Created Almost Equal

Most margarines and margarine substitutes are created equal--or almost equal. Made by emulsifying oil and water, they differ primarily in the proportions of oil to water and the degree to which they are hardened.

Spreads and diet margarines have less fat in them because they have more water. Stick margarine products are obviously hardened more than those in tubs or squeeze bottles.

The hardening of oils is called hydrogenation --a chemical process that involves adding hydrogen gas to a heated oil. The process transforms a small amount of the polyunsaturated fats in the oil to saturated fats, some to monounsaturated fats and leaves others unchanged.
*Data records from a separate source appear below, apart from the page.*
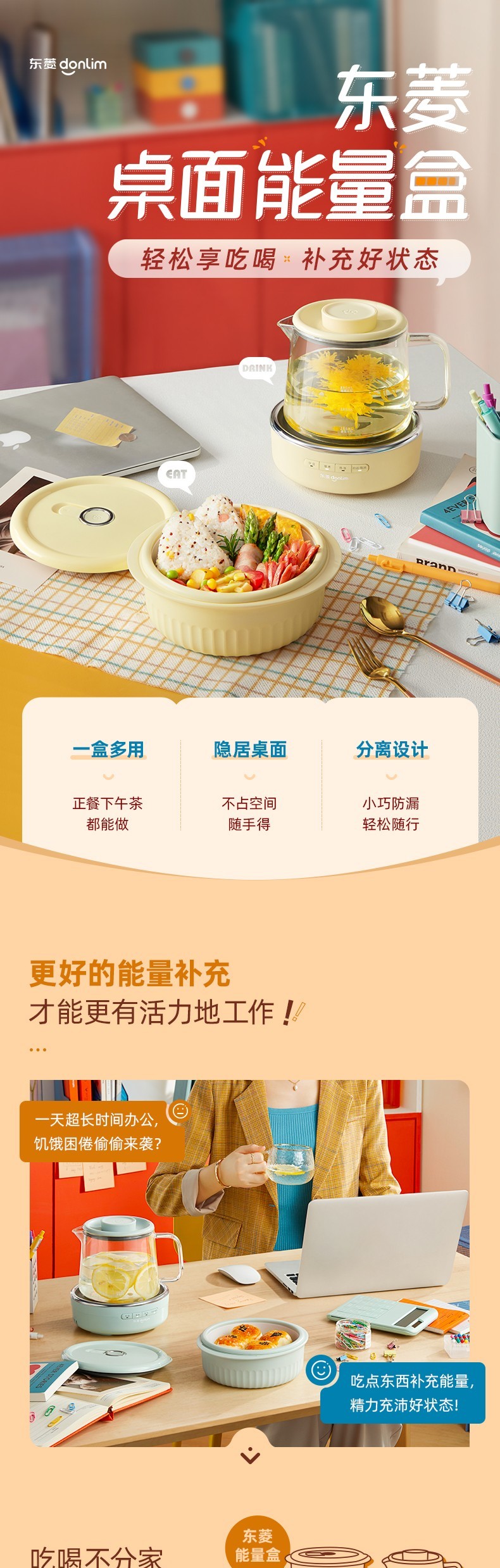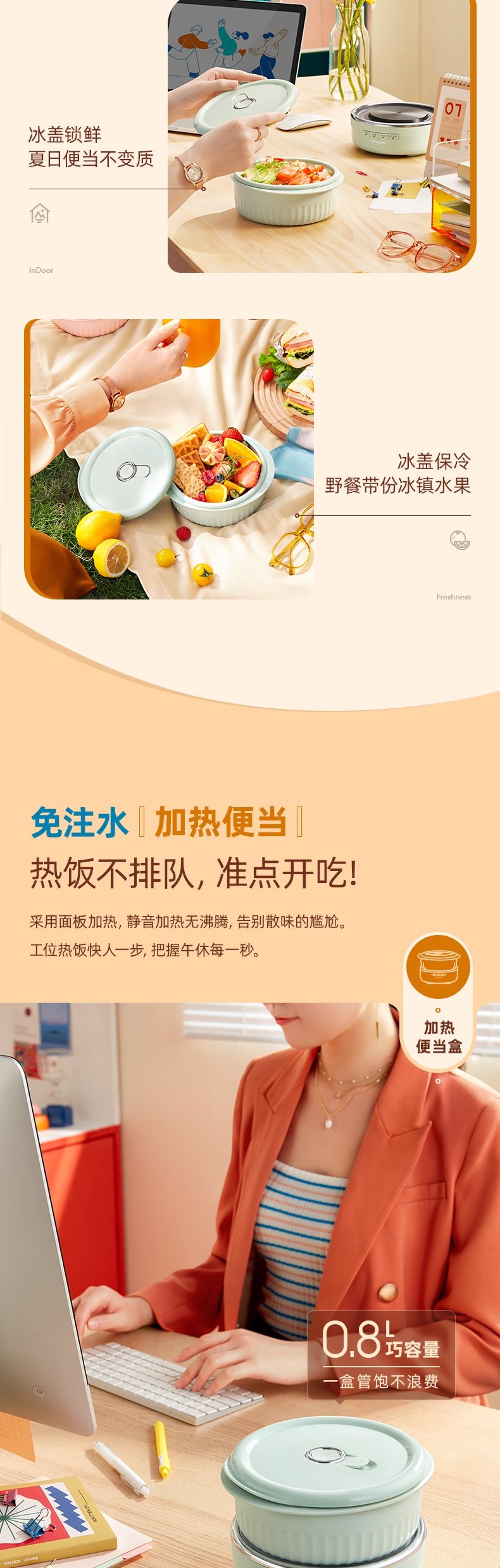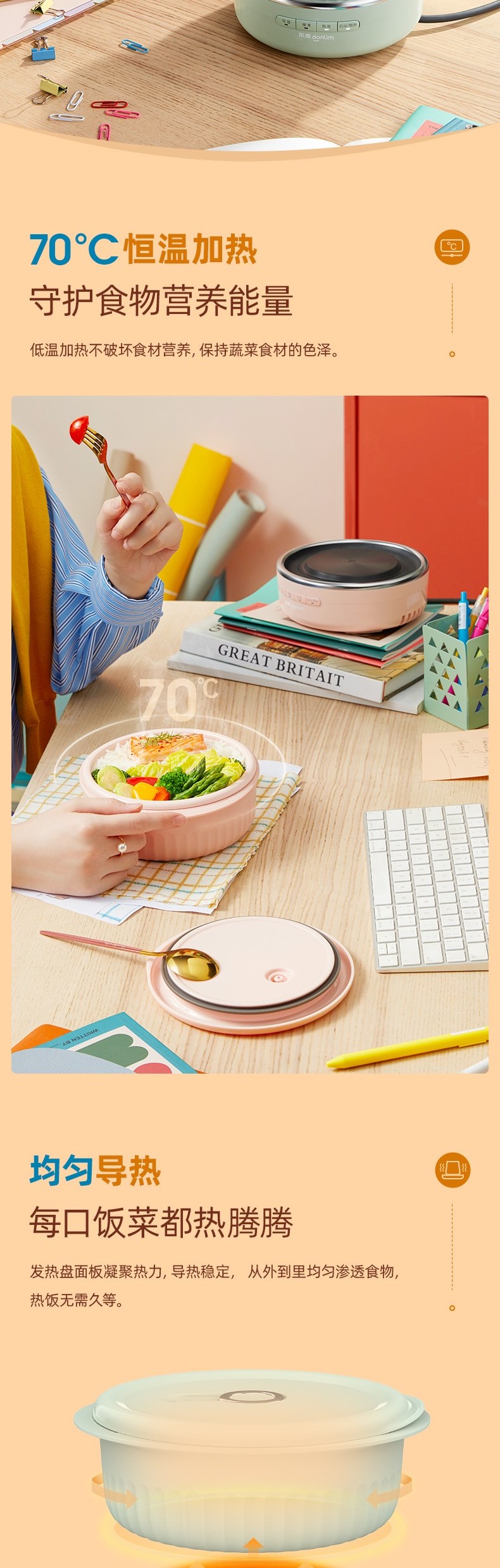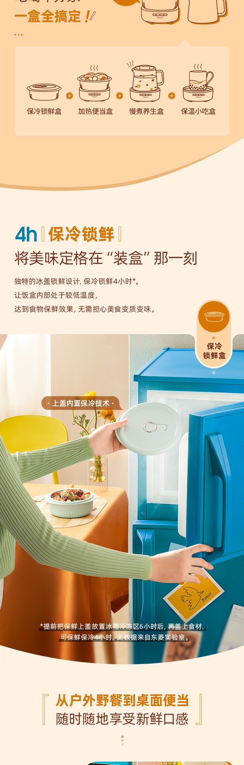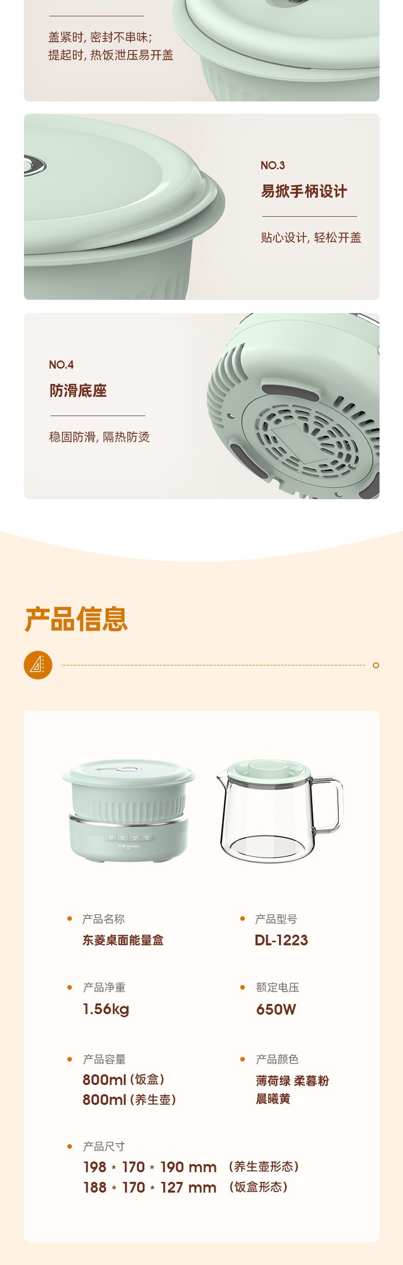 东菱 多功能电热饭盒 DL-1223 插电加热便当盒蒸煮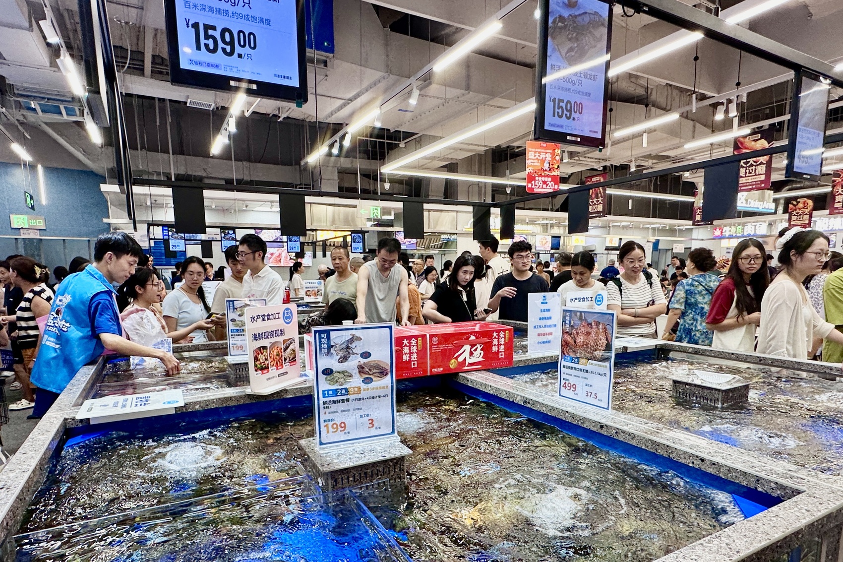 市民在盒马成都锦江大融城店水产区选购。程睦玲 摄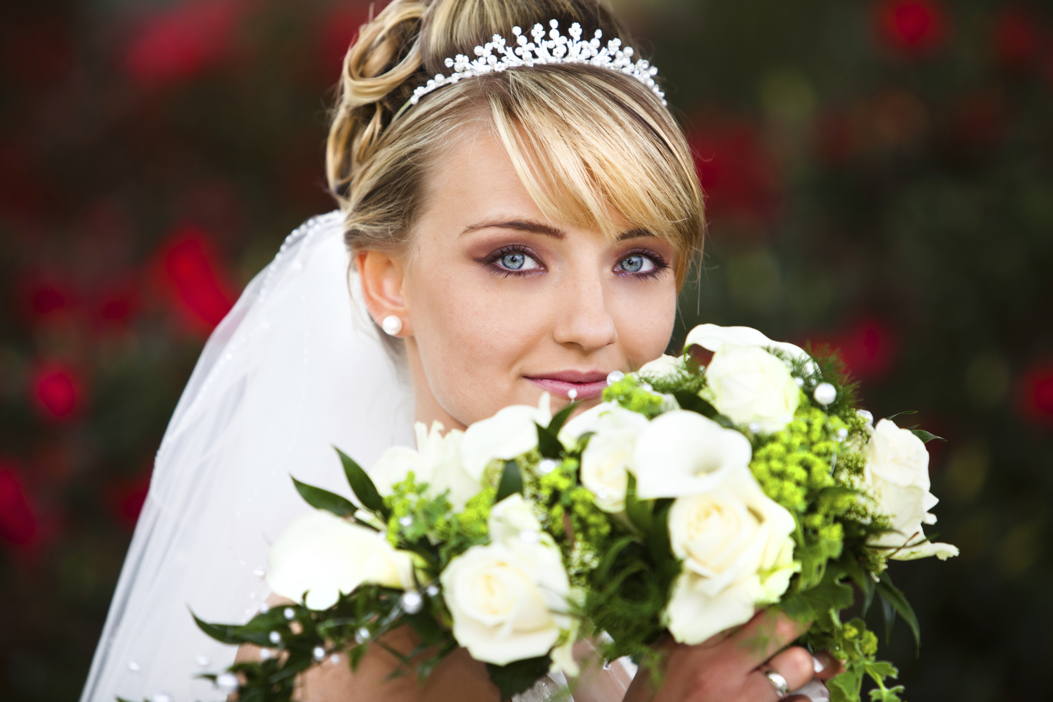 Embellishments such as beads on a veil can look like spots on a photograph. Ask someone to take a photo of you in your veil beforehand and if you are not happy with the results make sure you pull the veil back for the vital shots.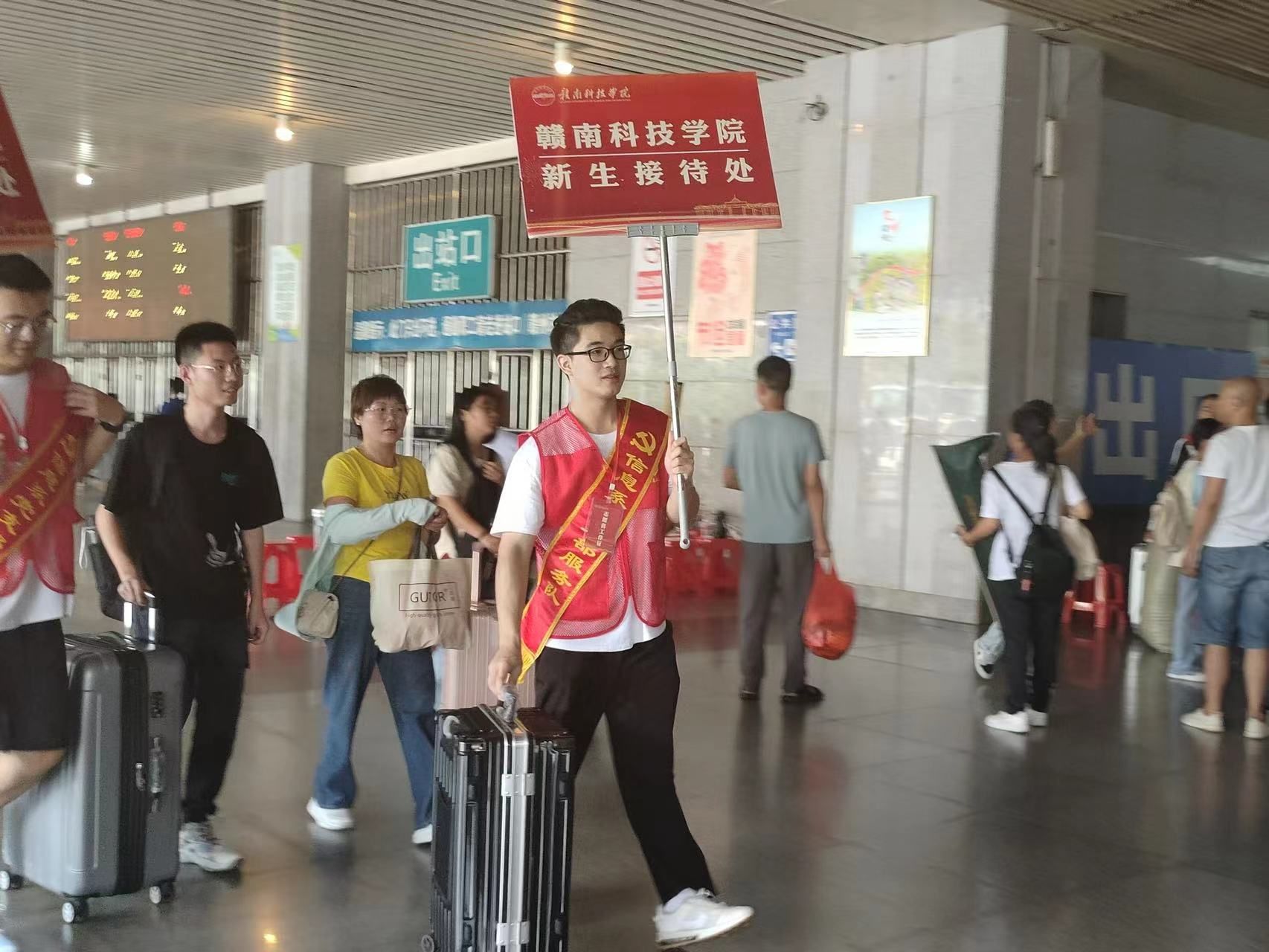 在车站迎新活动现场,举牌接站的支部同志在出站口迎接新生,并在新生出站时及时上前接待和搬运行李,引导新生到接待处进行个人信息登记后,分批次安排车辆接送新生到校报到。同时支部同志以亲切热情的态度为新生及家长细心解答疑惑,让新生及家长能够在到校前能更加了解学校。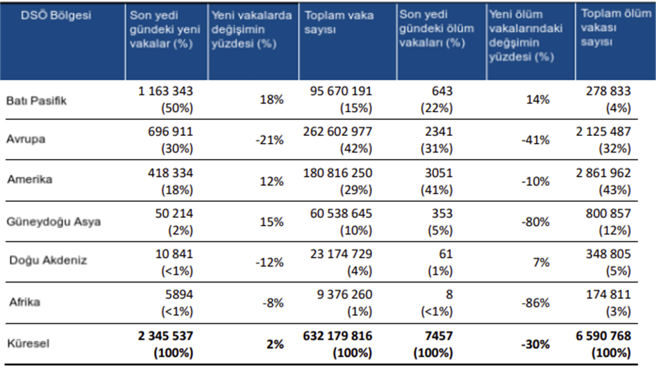 Tablo 1. 13 Kasım 2022 itibariyle DSÖ Bölgelerine göre, son yedi günde bildirilen ve kümülatif COVID-19 vakalarının ve COVID-19 kaynaklı ölümlerin sayısı **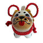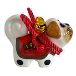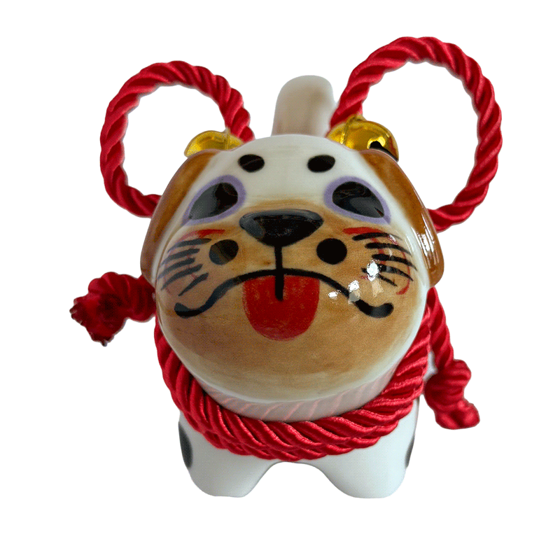 Inspired by the traditional Inu Hariko, a beloved Japanese papier-mâché dog, this ceramic piece features a unique pug design. The figurine is adorned with a rope tied in a simple bow and small bells.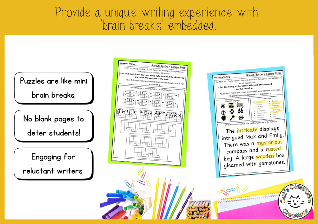 Traditional writing prompts often leave students feeling stuck or unmotivated. By incorporating escape room puzzles throughout, this resource turns writing into an adventure. As students solve each puzzle, they unlock new plot developments and directions for their story, which: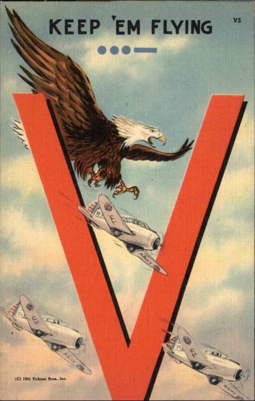 WORLD WAR II WWII Eagle w Fighter Planes & V "Keep Em Flying" LINEN Postcard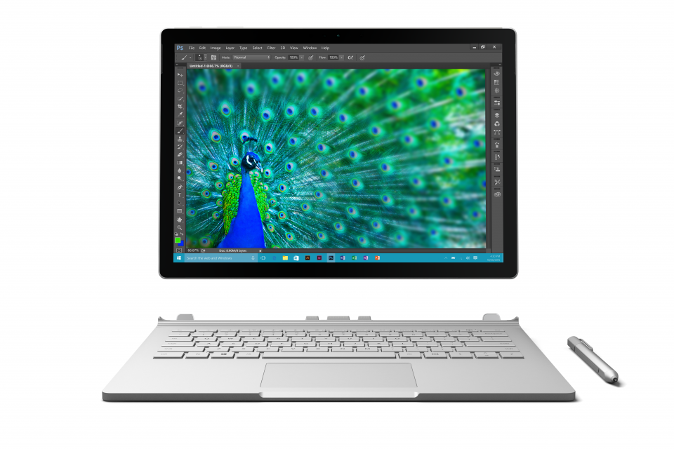 Mit dem Surface Book setzt Microsoft neue Maßstäbe in der Laptop-Welt und richtet sich an Anwender wie z.B. Ingenieure oder Architekten, die sich kreative Flexibilität wünschen, ohne Abstriche bei der Performance machen zu müssen. Im hochwertig designten Magnesium-Gehäuse des Surface Book rechnen leistungsstarke Intel Core i5 bzw. Core i7 Prozessoren der sechsten Generation und ein optionaler Nvidia GeForce Grafik-Prozessor. Dies gewährleistet selbst bei hardware-hungrigen Anwendungen für 3D-Grafik oder Videoschnitt eine flüssige Bedienung. Für das präzise Beurteilen, Bearbeiten und Präsentieren feiner grafischer Details ist das 13,5 Zoll große Touch-Display des Surface Book prädestiniert. Es ist wahlweise drehbar oder kann ganz abgenommen werden. Mit 267 dpi aufgelöst, bildet es besonders scharf, kontrastreich und farbbrillant ab. Dank PixelSense Technologie erkennt es selbst feinste Druckunterschiede bei der Bedienung mit einem Stift und eignet sich daher – im Stile eines digitalen Klemmbretts – hervorragend zum Zeichnen und Festhalten von Notizen. Angesichts einer Akku-Laufzeit von bis zu zwölf Stunden bietet das Surface Book auch genügend Ausdauer für langanhaltende Kreativitäts-Flows.

Practically all margarines and margarine substitutes are manufactured with the same additives. Mono- and di-glycerides and lecithin are used to emulsify and stabilize margarine; sodium benzoate, potassium sorbate, citric acid and calcium disodium EDTA are used as preservatives; beta carotene is used to color margarine; and artificial flavors are added. Margarines are also fortified with Vitamin A.

Some consumers shun margarine because of the additives, claiming that they would rather eat a teaspoon of butter than a tablespoon of colorized yellow glop. And among serious cooks, there are many who are adamant against giving up the taste of butter. Even among health and nutrition professionals, there are differences in opinion.

Margarine (excluding margarine substitutes) and butter each contains 100 calories per tablespoon and 11 grams of fat. The major difference between all margarine-type products and butter is that butter contains cholesterol--31 milligrams per tablespoon--and margarines contain none. The only exceptions to this are margarine-butter blends, which contain a small amount of cholesterol.